Papravand (Papravənd) is a village situated in Aghdam District of Azerbaijan. It is located 21 km north of the district centre of Aghdam on a foothill plain.

== History ==
In the years of the Russian Empire, the village of Papravend was part of the Javanshir district of the Elizavetpol province. According to the "Caucasian Calendar" of 1912, the village had a population of 448 people, primarily Tatars, later known as Azerbaijanis.

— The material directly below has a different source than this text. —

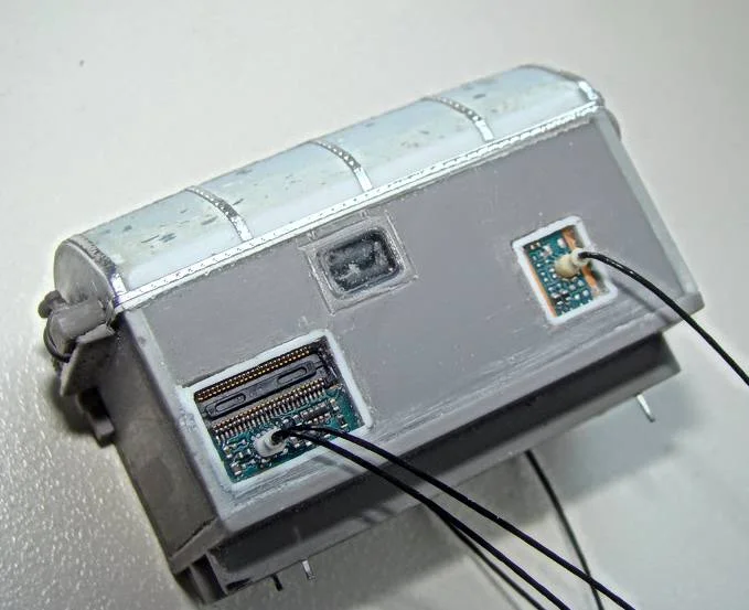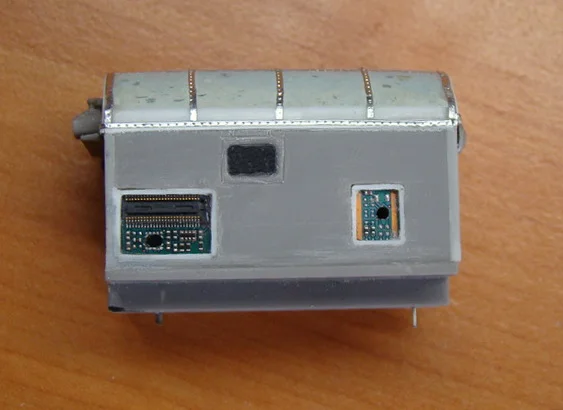 Для наполнения внутренностей ящиков использовал начинку с платы разбитого сотового телефона,вроде получилось неплохо.Участки платы с монтажом использовал в качестве дна ящиков, обклеив их стенками из листового полистирола.

According to the results of the Azerbaijani agricultural census of 1921, the village of Papravend was part of the Kabarda Boy Ahmedli rural community of Javanshir district, Azerbaijan SSR. The population was 920 people (155 households), the predominant nationality being Azerbaijani Turks (Azerbaijanis).

After the administrative reform division and the abolition of districts in 1929, it became part of Aghdam district, Azerbaijan SSR. According to the 1983 census conducted in the Azerbaijan SSR, the population of the village was 1,531.

After the end of the Second Karabakh War, a ceasefire agreement was signed under the terms of which the entire territory Aghdam district was returned to Azerbaijan on 20 November 2020.

== Sights ==
The village is home for a mausoleum, which according to Azerbaijani Researchers K.Mammadzade, N.Guliyev and V.Kerimov, dates back to the 14th century. The plan of this mausoleum, considered a unique monument of medieval architecture, is also typical for the 16th century.

The Papravend Mosque, an 18th-century historical and architectural monument, is located in the village of Papravend. After the Armenian occupation, the mosque was completely destroyed.

== Notable people ==
- Faig Aghayev — National Hero of Azerbaijan.
- Ramiz Abbasli — Azerbaijani author, translator of fiction.